ソ連と西アジア方面を担当する情報分析官だった綾小路は彼らとも関係が深いのだろう。
──それから、おそらく、元のリーダーは殺害された三崎、か。
マコトが視線を上げ、睦子を見ると、彼女は何か思いついたように、長い睫毛をはためかせ、瞬きをする。

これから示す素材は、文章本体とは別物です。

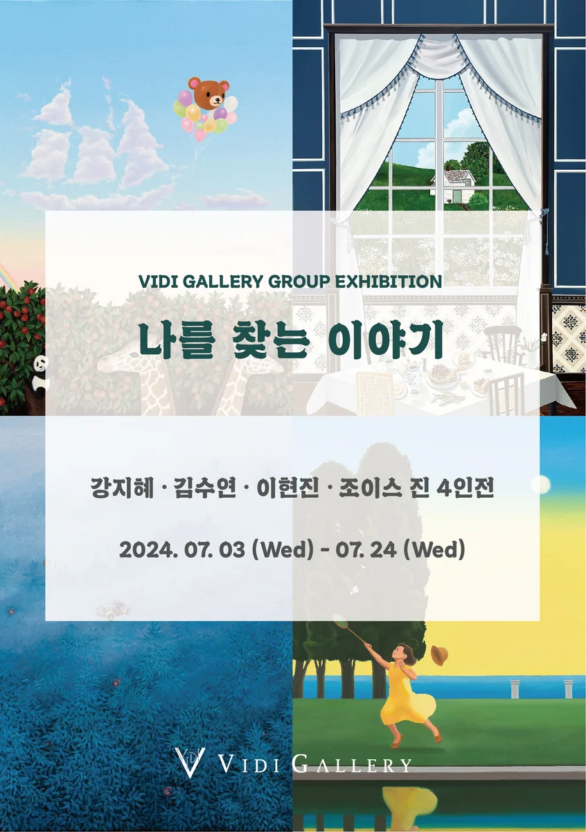 전시 개요 OVERVIEW 비디갤러리에서는 07월 03일부터 07월 24일까지 강지혜, 김수연, 이현진, 조이스 진 작가의 기획 초대전인 <나를 찾는 이야기>를 진행한다. 강지혜 작가는 현실에서는 볼 수 없는 이상적이고 꿈같은 세상을 그림 속에 구현해 내는 작업을 한다. 삭막한 현실에서 오는 피로감과 힘듦은 먼 곳의 이야기 같은 이상을 꿈꾸게 하였고, 작가는 그 갈망이 해소되길 바라는 마음을 작품에 담아냈다. 이러한 작품 속에는 하늘과 구름이 늘 등장하며, 구름은 일상에서 볼 수 있는 다양한 형상들로 이루어져 있다. 이것은 늘 가까이에 있지만 손에 닿을 수 없이 멀리 존재하는 하늘에 닿기 위한 장치로, 하늘의 상징물인 구름을 일상의 사물과 중첩, 병합시켜 우리 곁에 가까이 두고자 하였다. 즉 막다른 길, 닿을 수 없는 존재로 끝나는 것이 아닌 한계를 넘어서서 꿈이 이루어지도록 표현한 것이다. 김수연 작가는 언젠가는 사라질 추억들을 그대로 놓아두고 기억하기 위한 의도로, 본래의 모습을 온전히 간직하고 싶은 ‘기억과 추억’의 의미를 담아 그림을 그리고 있다. 작가의 작품 속에는 테이블이 등장하는데, 이는 서로의 이야기로 위로와 축하를 나누고, 지나간 좋은 추억을 상기함과 더불어 앞으로의 미래를 나누는 자리, 또는 혼자만의 여유를 즐길 때도 따뜻한 커피 한 잔이나 차 한 잔이 마음에 위안을 주기 때문이다. 음식이 들어간 풍경과 함께 계절의 변화를 통해 작품 속에서의 다과, 만찬의 시간에 그림을 보는 이들로 하여금 휴식의 감정을 전한다. 이처럼 작가는 테이블 위의 시간의 흐름에 따라 그때그때의 기억과 추억 그리고 감정을 대입시키는 작업을 하고 있다. 이현진 작가의 연작 ‘숨겨진 세상’은 여행을 하며 발견한 새로운 이미지들을 조합해 ‘나만의 공간’으로 재구성하는 방식으로 탄생하였다. 새롭게 구성된 풍경에는 작은 자동차와 기차, 그리고 장난감들이 부유하고 있는데, 이는 어딘 가에 정착하지 못해 불안정한 상태인 현대인들의 현실을 무겁지 않은 분위기로 나타내 주고 있다. 잎들 사이사이를 활보하는 여러 장난감과 피규어들을 작품 속에 장치해 둔 작가만의 현실도피 단서들이며, 무거운 현실의 짐을 내려놓게 해준다. 깊은 숲속 안개가 피어오르는 신비로운 세상을 통해 감상자들은 각자의 숨겨진 세상을 들여다보고, 보살필 수 있는 계기를 마련하게 된다. 현실과 이상의 경계를 넘나들며 만들어진 ‘숨겨진 세상’ 속의 재치 있는 요소들을 즐기며, 재미있는 상상과 함께 우리의 현실을 극복하며 살아가기를 기대해 본다. 조이스 진(Joyce Jinn) 작가의 ‘Discovery of the World-세상의 발견’은 아이들이 자신의 주변을 탐험하는 모습을 묘사한 유화 연작이다. 매일의 만남과 작은 탐험을 통해 아이들은 세상을 알게 된다. 아이들의 탐험은 항상 모험적이고 흥미로우며, 그 발견들은 무척 매력적이고 경이롭다. 그들은 스스로 만족스러운 답을 찾지 못할 때 “왜?”라는 질문을 끝없이 쏟아낸다. 따라서 이 작업의 기본 주제는 호기심이라 할 수 있다. 세월이 지나며 우리의 호기심은 닳아 없어지고 놀라움은 둔해지기 마련이지만, 작가는 여전히 작품을 통해 어른들도 어린 시절의 어느 부분을 다시 떠올리고 익숙한 경이로움을 느낄 수 있기를 바란다고 이야기한다.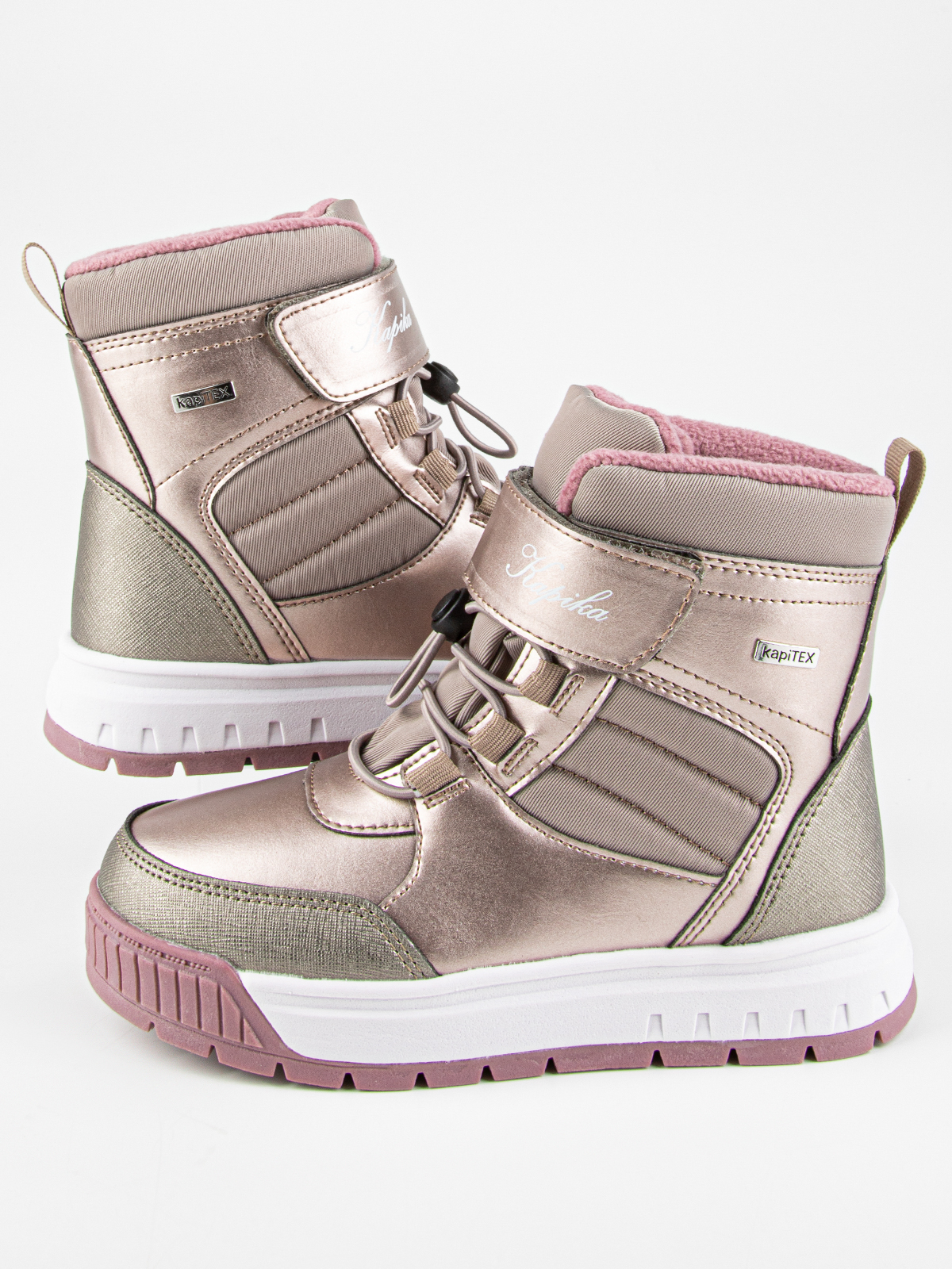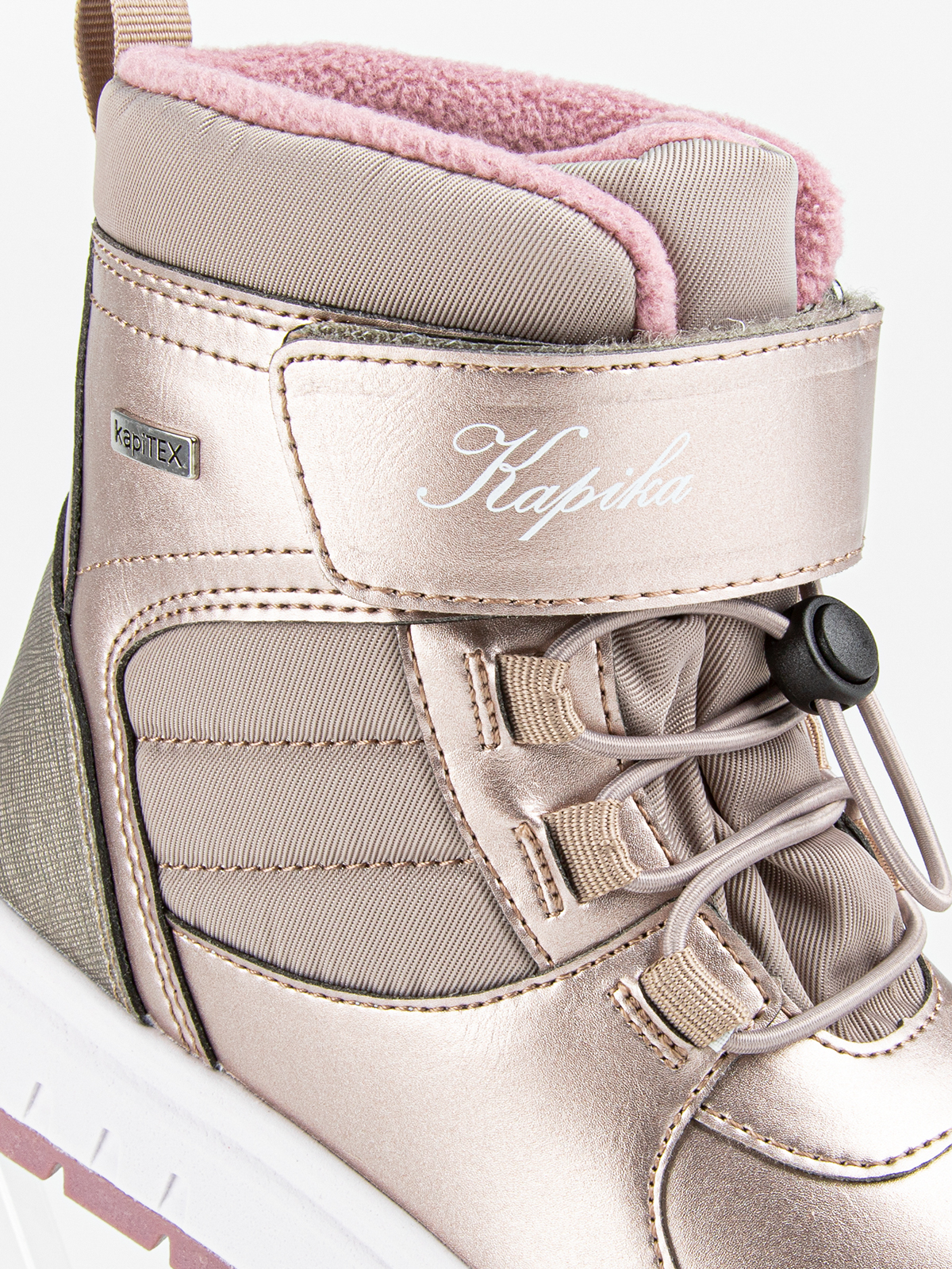 Эффектные, теплые и легкие мембранные ботинки для девочек на модной легкой платформе. Верх ботинок сделан из комбинированного гидрофобного материала, внутри — мембрана и натуральная шерсть с текстилем. Стелька состоит из натурального овечьего меха (обеспечивает тепло и циркуляцию воздуха) и слоя перфорированной фольги (сохраняет тепло, надежно защищает от холода). Не промокают. Протектор подошвы имеет выраженный рельеф и создает максимальный эффект против скольжения.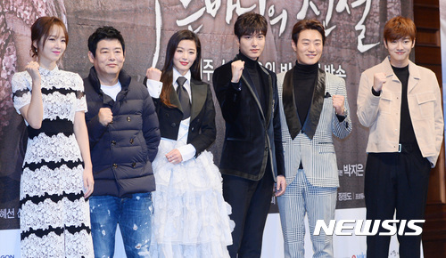 【서울=뉴시스】김진아 기자 = 출연배우들이 14일 서울 강남구 임피리얼팰리스호텔에서 열린 SBS 드라마 '푸른 바다의 전설' 제작발표회에서 포즈를 취하고 있다. 왼쪽부터 배우 신혜선, 성동일, 전지현, 이민호, 이희준, 신원호.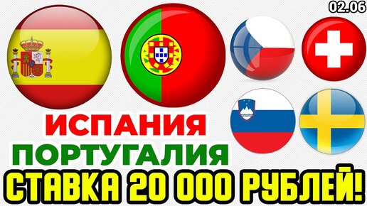 СТАВКА 20 000 РУБЛЕЙ! ИСПАНИЯ - ПОРТУГАЛИЯ. ЧЕХИЯ - ШВЕЙЦАРИЯ. СЛОВЕНИЯ - ШВЕЦИЯ. СЕРБИЯ - НОРВЕГИЯ. БОЛГАРИЯ - СЕВЕРНАЯ МАКЕДОНИЯ. ПРОГНОЗ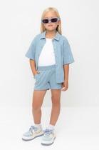 Шорты трикотажные для девочек из 100% хлопка. Длина уменьшена до середины бедра по сравнению с коллекцией Лето 25. Шорты с поясом на широком простроченном эластике и дополнительной шнуровкой обеспечивают идеальную посадку и регулировку по размеру.По переду два накладных кармана.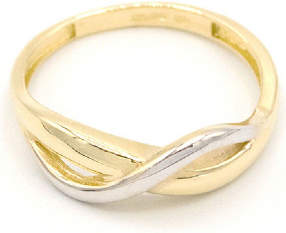 Dámský zlatý prsten proplétené vlnky ze žlutého a bílého zlata.Elegantní prsten dvě barvy zlata ve tvaru proplétaných vlnek z nichž jedna je z bílého zlata.Rozměr: výška 5mm.585/1000 Au 14karátů.Šperk označen platnou puncovní značkou.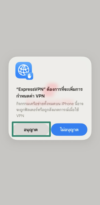 4. แตะ อนุญาต ตอนที่ปรากฏ เพื่ออนุญาต ExpressVPN และเพื่อเพิ่มการกำหนดค่า VPN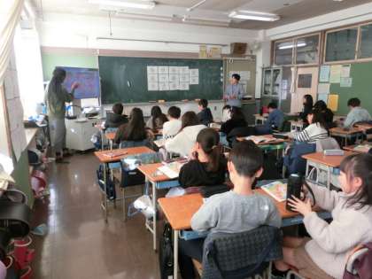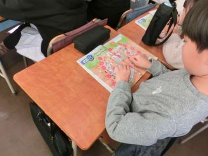 4年生ではALTの先生による外国語の授業でした。学校の中で好きな場所を決め、それを案内し合っています。子どもたちは、「Turn right」「Turn left」の声に合わせ、教科書の学校の図を指でなぞっていました。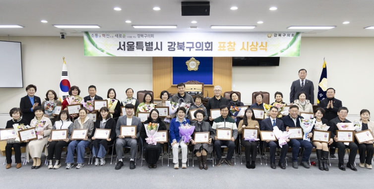 [뉴스앤톡] 강북구의회는 지난 2월 27일 본회의장에서 평소 헌신적인 봉사와 나눔으로 지역사회 발전에 기여한 모범 구민 35명에게 의장 표창장을 수여했다.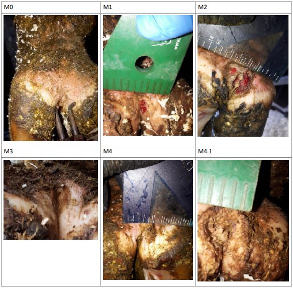 The M-Scoring system, see images, allows for the nature of the digital dermatitis problem to be monitored closely and to identify the nature of lesion regression and cure rates when ‘blitz’ treatments (three days of consecutive topical treatment for all animals with visible lesions, for example) are implemented.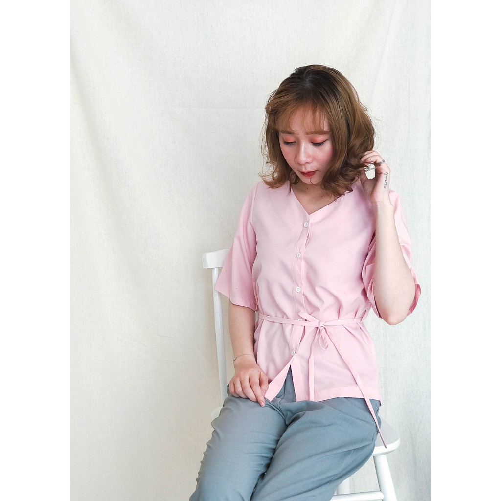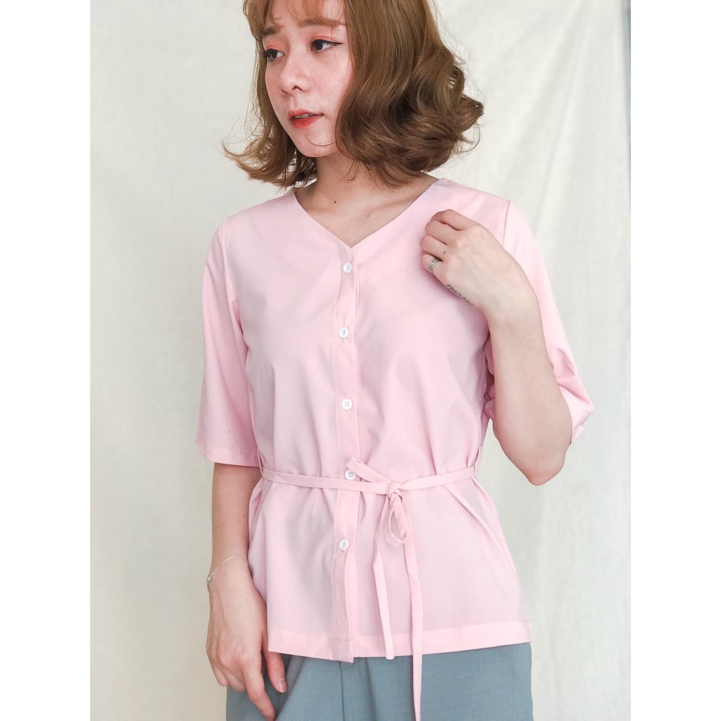 Áo sơ mi nữ tay ngắn cổ V màu hồng pastel, hàng thiết kế A0002

三白眼気味の大きな目の黒曜石の瞳で、牧原を見上げる。
「大使館事務所の三崎さんと奥様は心中じゃなくて、他殺なのよね? 牧原、あなたどうして心中だと思い込んでいたの?」
「帝国の未来を悲観していましたから、三崎は」
淡々と答える牧原に、睦子は言う。
「いえ、共和国記念日の前夜祭の夜に会ったソ連の外交官は三崎さんは憂いている素振りは見せなかった、という内容のことを言っていたわ」
睦子は牧原をキッと睨む。
「三崎さんは牧原だけに本音を明かしたのかしら? それとも我が国の者だけに、そういった振る舞いを?」
牧原は小さくため息をつく。
「それはどうでしょうかね」
「しかも、その三崎さんが、私とセルゲイの縁談に反対していた、と綾小路から聞いたわ」
睦子は薄く笑う。
「牧原、まさか、あなたが三崎夫妻を、なんてことはないわよね? セルゲイとの縁談も何かの罠、なんてこともないわよね?」
──証拠もないのに直接、言った。
よりによって、『牧原侍従長』を相手に。
マコトは内心頭を抱える。
綾小路も同様だろう。
細い目をさらに細めて、渋い顔をしている。
「あと、厨房の床下の備蓄庫から大使館事務所へ行けるっていうのも安元から聞いたわよ」
ドヤ顔でのたまう睦子に、マコトは頭を抱える。
──だから、黙っていたのに。
マコトは隠し通路のことを睦子には伝えていなかった。
ロクでもないことを思いつくに違いなかったから。
「……あのおっさん、いらんことを」
綾小路も小声で毒づく。
「さあ、どうなの? 牧原」
睦子は立ち上がり腰に手を当てる。
まるで名探偵よろしく、のポーズだった。